What you return should match the data below exactly, with no pictures in it.

* **INFORMATION SUPPLIED**:
####################
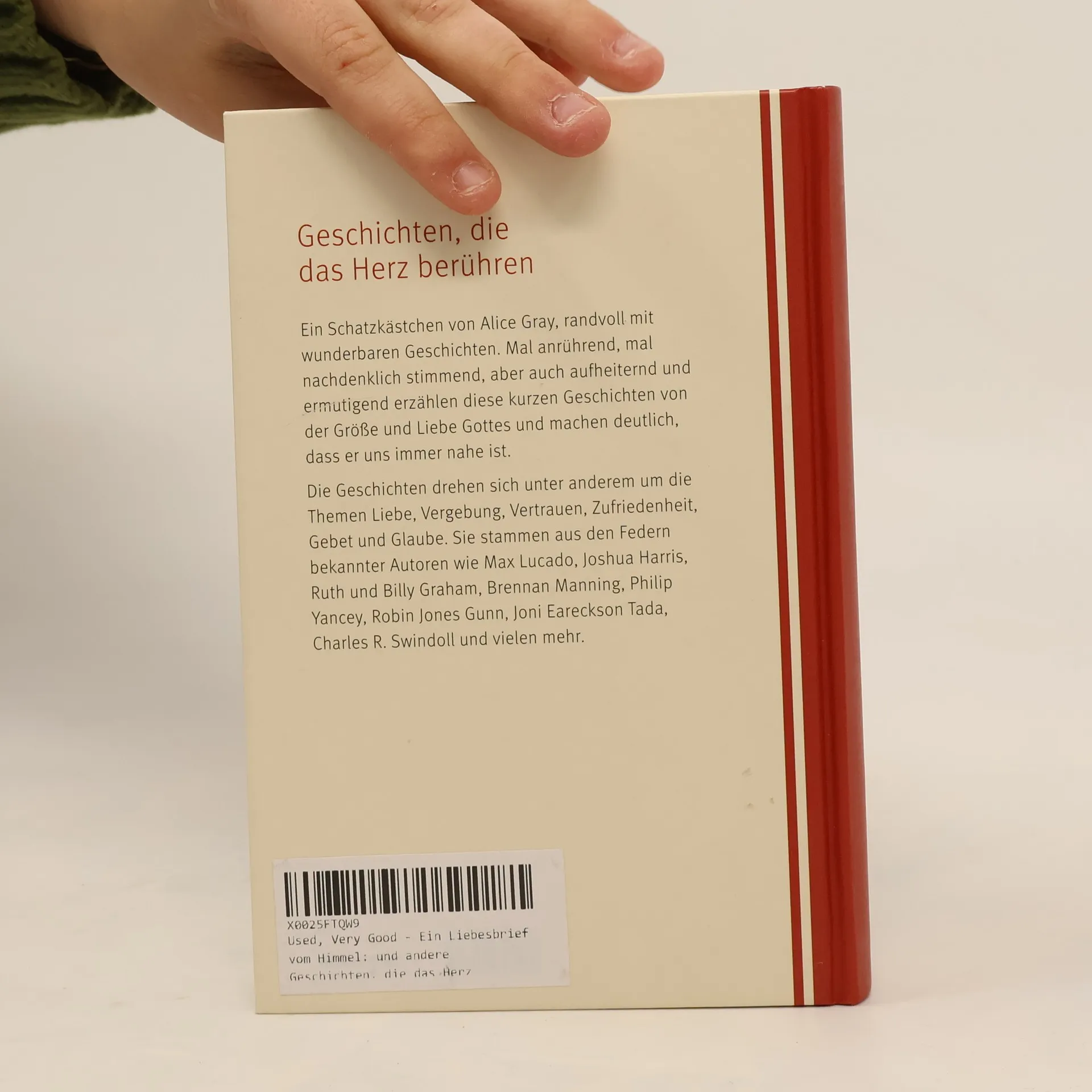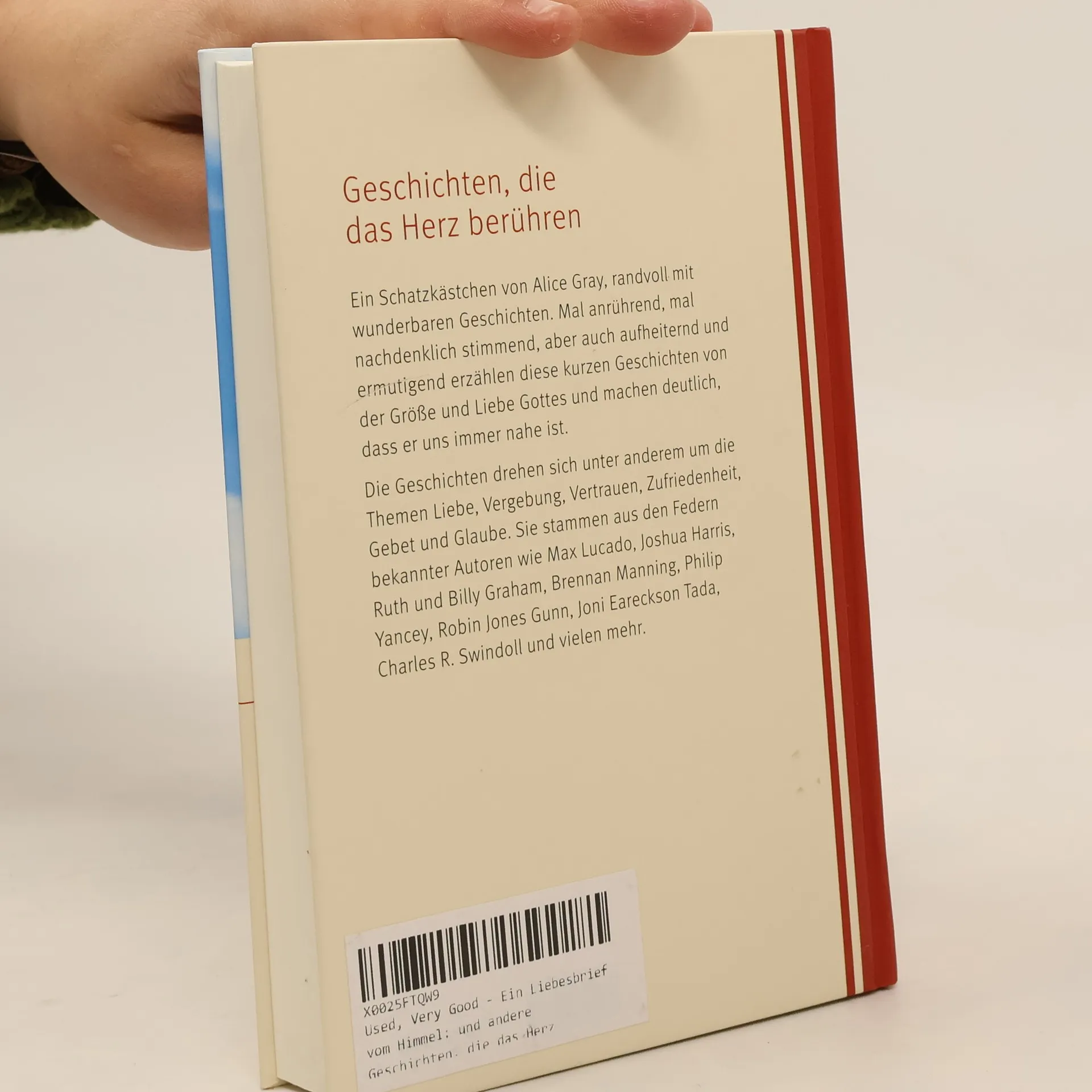 Ein Schatzkästchen von Alice Gray - randvoll mit Geschichten für die ganze Familie. Mal anrührend, mal nachdenklich stimmend, aber auch aufheiternd und ermutigend erzählen diese kurzen Geschichten von der Größe und Liebe Gottes und machen deutlich, dass er uns immer nah ist. Die in diesem Buch enthaltenen Geschichten drehen sich unter anderem um die Themen Liebe, Vergebung, Vertrauen und Zufriedenheit, Gebet und Glaube. Sie stammen aus den Federn von bekannten Autoren wie Max Lucado, Charles R. Swindoll, Ruth und Billy Graham, Brennan Manning, Philip Yancey, Joni Eareckson Tada, Joshua Harris und vielen mehr.
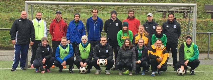 Mit Beginn der neuen Karneval-Saison am 11. November absolvierten wir den letzten Teil des Lehrgangs. Mit Kaffee versorgt und einem warmen Sportlerheim legten wir um 8:30 Uhr los. Sebastian Weber war auch am Final-Tag zu Gast und referierte zu den Grundlagen des Fußballspiels sowie Teilbereichen der Kondition und Koordination. Nachdem wir die bisherigen Lehrgangs-Inhalte reflektiert hatten ging es in die Mittagspause. Die Reiler Gaststätte SALOON versorgte uns mit leckeren Hamburgern. Zurück am Sportplatz legten wir gut gestärkt um 13:00 Uhr alle die schriftliche Prüfung ab. Alle Teilnehmer haben mit Bravour bestanden!
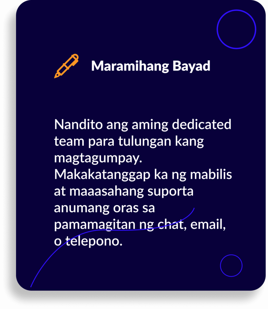 Hindi tulad ng tradisyunal na bangko, ang PhiliPay ay espesyal na idinisenyo para sa cross-border business transactions papunta at mula sa Pilipinas. Nag-aalok kami ng mas mabilis na processing time, mas mababang fees, at mas magandang exchange rates. Bukod dito, may mga feature ang aming platform tulad ng mass payments at multi-currency accounts—na karaniwang hindi inaalok ng karamihan sa mga bangko. Nakatuon kami sa pagbawas ng gastos, pagtitipid ng oras, at pagbibigay sa iyo ng mas malaking kontrol sa iyong international finances.
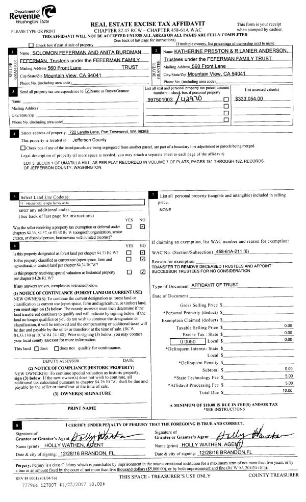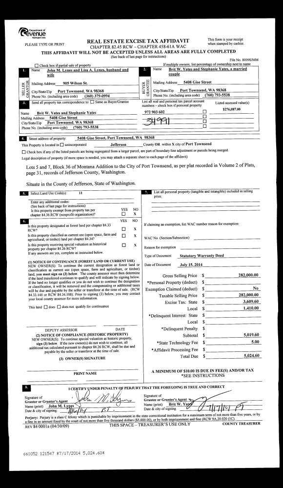 | Mailing Address: | 2426 HAINES ST PORT TOWNSEND, WA 98368-6215 | % Ownership: | 100.0000000000% |
####################
* **RESPONSE**:
 Ein Schatzkästchen von Alice Gray - randvoll mit Geschichten für die ganze Familie. Mal anrührend, mal nachdenklich stimmend, aber auch aufheiternd und ermutigend erzählen diese kurzen Geschichten von der Größe und Liebe Gottes und machen deutlich, dass er uns immer nah ist. Die in diesem Buch enthaltenen Geschichten drehen sich unter anderem um die Themen Liebe, Vergebung, Vertrauen und Zufriedenheit, Gebet und Glaube. Sie stammen aus den Federn von bekannten Autoren wie Max Lucado, Charles R. Swindoll, Ruth und Billy Graham, Brennan Manning, Philip Yancey, Joni Eareckson Tada, Joshua Harris und vielen mehr.
 Mit Beginn der neuen Karneval-Saison am 11. November absolvierten wir den letzten Teil des Lehrgangs. Mit Kaffee versorgt und einem warmen Sportlerheim legten wir um 8:30 Uhr los. Sebastian Weber war auch am Final-Tag zu Gast und referierte zu den Grundlagen des Fußballspiels sowie Teilbereichen der Kondition und Koordination. Nachdem wir die bisherigen Lehrgangs-Inhalte reflektiert hatten ging es in die Mittagspause. Die Reiler Gaststätte SALOON versorgte uns mit leckeren Hamburgern. Zurück am Sportplatz legten wir gut gestärkt um 13:00 Uhr alle die schriftliche Prüfung ab. Alle Teilnehmer haben mit Bravour bestanden!
 Hindi tulad ng tradisyunal na bangko, ang PhiliPay ay espesyal na idinisenyo para sa cross-border business transactions papunta at mula sa Pilipinas. Nag-aalok kami ng mas mabilis na processing time, mas mababang fees, at mas magandang exchange rates. Bukod dito, may mga feature ang aming platform tulad ng mass payments at multi-currency accounts—na karaniwang hindi inaalok ng karamihan sa mga bangko. Nakatuon kami sa pagbawas ng gastos, pagtitipid ng oras, at pagbibigay sa iyo ng mas malaking kontrol sa iyong international finances.
 | Mailing Address: | 2426 HAINES ST PORT TOWNSEND, WA 98368-6215 | % Ownership: | 100.0000000000% |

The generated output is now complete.